> **Records supplied**
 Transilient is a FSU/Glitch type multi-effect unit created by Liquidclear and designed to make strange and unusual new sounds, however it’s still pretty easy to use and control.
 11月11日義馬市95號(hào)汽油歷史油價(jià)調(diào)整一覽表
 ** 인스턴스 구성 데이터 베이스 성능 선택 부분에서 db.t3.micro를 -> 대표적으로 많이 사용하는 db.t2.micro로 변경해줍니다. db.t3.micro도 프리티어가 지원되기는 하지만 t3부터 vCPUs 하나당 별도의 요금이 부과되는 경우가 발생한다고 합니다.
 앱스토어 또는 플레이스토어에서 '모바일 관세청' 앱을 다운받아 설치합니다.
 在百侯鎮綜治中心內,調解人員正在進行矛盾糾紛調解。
---
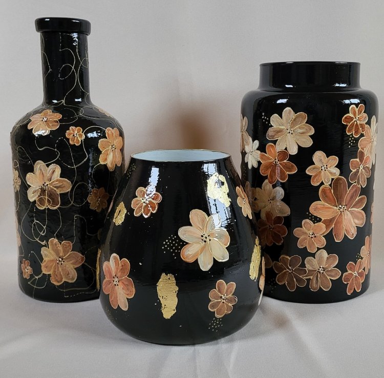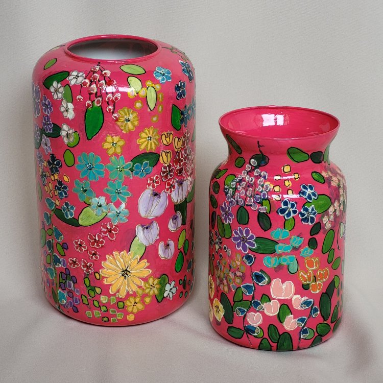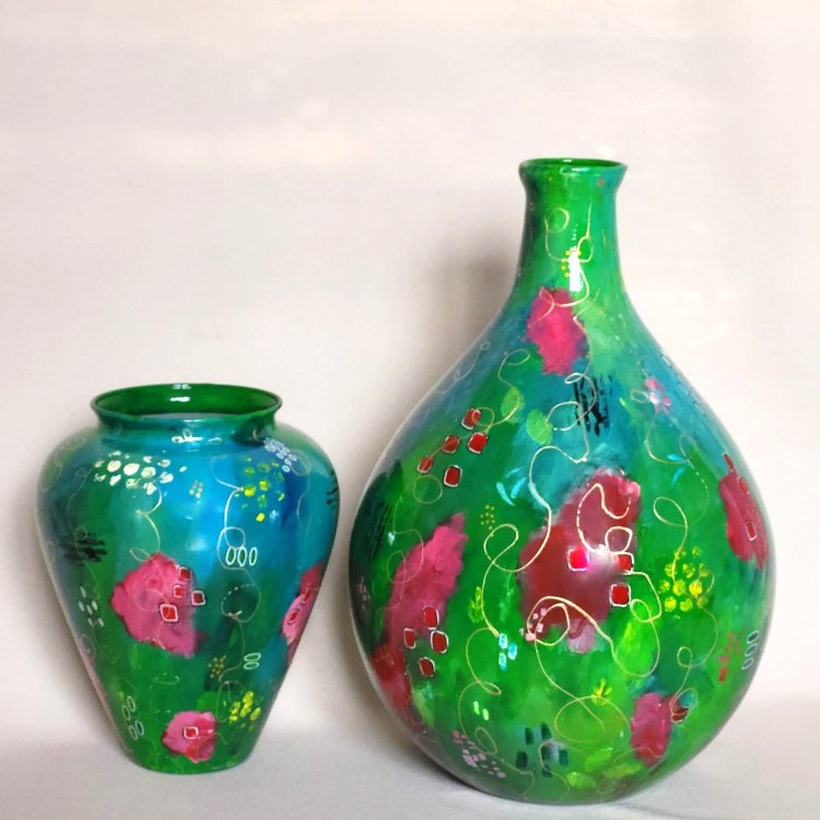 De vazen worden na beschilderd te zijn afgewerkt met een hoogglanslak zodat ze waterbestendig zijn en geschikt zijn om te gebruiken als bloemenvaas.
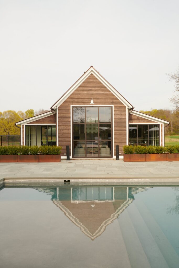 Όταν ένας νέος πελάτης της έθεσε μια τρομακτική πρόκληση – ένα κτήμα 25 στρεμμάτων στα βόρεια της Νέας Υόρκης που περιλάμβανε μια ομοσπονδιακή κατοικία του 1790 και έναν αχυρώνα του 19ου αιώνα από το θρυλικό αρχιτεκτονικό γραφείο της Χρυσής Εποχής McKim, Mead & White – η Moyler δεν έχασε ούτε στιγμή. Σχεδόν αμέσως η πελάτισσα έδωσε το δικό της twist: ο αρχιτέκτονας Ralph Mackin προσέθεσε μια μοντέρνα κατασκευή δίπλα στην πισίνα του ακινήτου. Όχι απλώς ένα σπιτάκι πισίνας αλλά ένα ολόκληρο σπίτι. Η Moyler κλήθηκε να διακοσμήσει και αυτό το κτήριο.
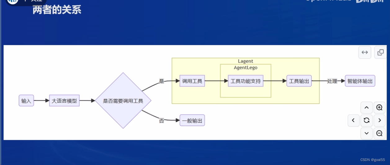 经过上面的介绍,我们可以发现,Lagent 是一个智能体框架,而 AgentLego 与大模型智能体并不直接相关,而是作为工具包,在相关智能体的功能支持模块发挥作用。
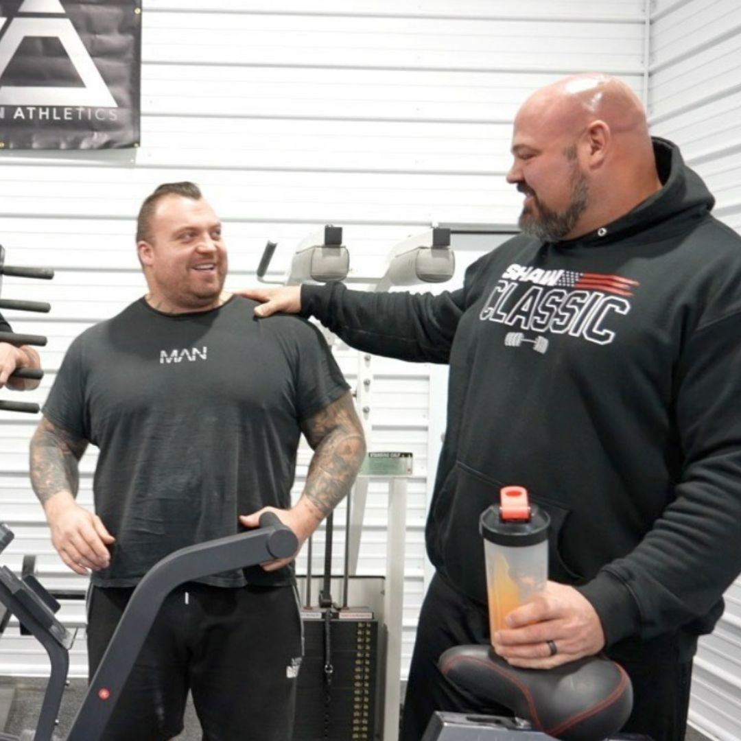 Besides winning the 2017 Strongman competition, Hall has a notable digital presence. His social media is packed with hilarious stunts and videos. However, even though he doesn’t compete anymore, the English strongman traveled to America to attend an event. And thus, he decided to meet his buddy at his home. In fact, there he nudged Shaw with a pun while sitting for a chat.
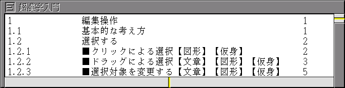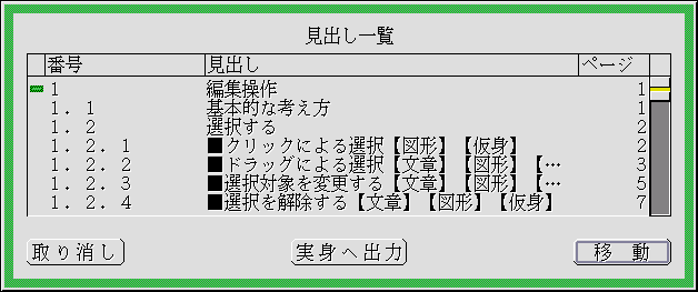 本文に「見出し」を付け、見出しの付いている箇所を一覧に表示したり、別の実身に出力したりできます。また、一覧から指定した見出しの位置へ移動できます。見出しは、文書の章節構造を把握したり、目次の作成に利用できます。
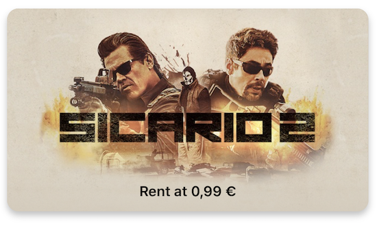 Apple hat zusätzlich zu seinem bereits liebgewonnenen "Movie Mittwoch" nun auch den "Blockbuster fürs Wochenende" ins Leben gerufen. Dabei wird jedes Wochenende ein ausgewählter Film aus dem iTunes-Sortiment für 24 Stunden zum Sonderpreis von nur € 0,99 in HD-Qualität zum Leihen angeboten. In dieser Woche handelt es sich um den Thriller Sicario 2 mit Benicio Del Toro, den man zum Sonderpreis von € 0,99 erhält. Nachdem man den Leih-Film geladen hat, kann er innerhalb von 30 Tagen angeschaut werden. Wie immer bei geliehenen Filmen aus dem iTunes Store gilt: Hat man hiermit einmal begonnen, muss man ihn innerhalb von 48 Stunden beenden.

> **Work task**
Could you restate, word for word, the lines above from the one with "Transilient is a" to the one with "在百侯鎮綜治中心內,調解人員正在進行矛盾糾紛調解。", both included?

> **Task answer**
 Transilient is a FSU/Glitch type multi-effect unit created by Liquidclear and designed to make strange and unusual new sounds, however it’s still pretty easy to use and control.
 11月11日義馬市95號(hào)汽油歷史油價(jià)調(diào)整一覽表
 ** 인스턴스 구성 데이터 베이스 성능 선택 부분에서 db.t3.micro를 -> 대표적으로 많이 사용하는 db.t2.micro로 변경해줍니다. db.t3.micro도 프리티어가 지원되기는 하지만 t3부터 vCPUs 하나당 별도의 요금이 부과되는 경우가 발생한다고 합니다.
 앱스토어 또는 플레이스토어에서 '모바일 관세청' 앱을 다운받아 설치합니다.
 在百侯鎮綜治中心內,調解人員正在進行矛盾糾紛調解。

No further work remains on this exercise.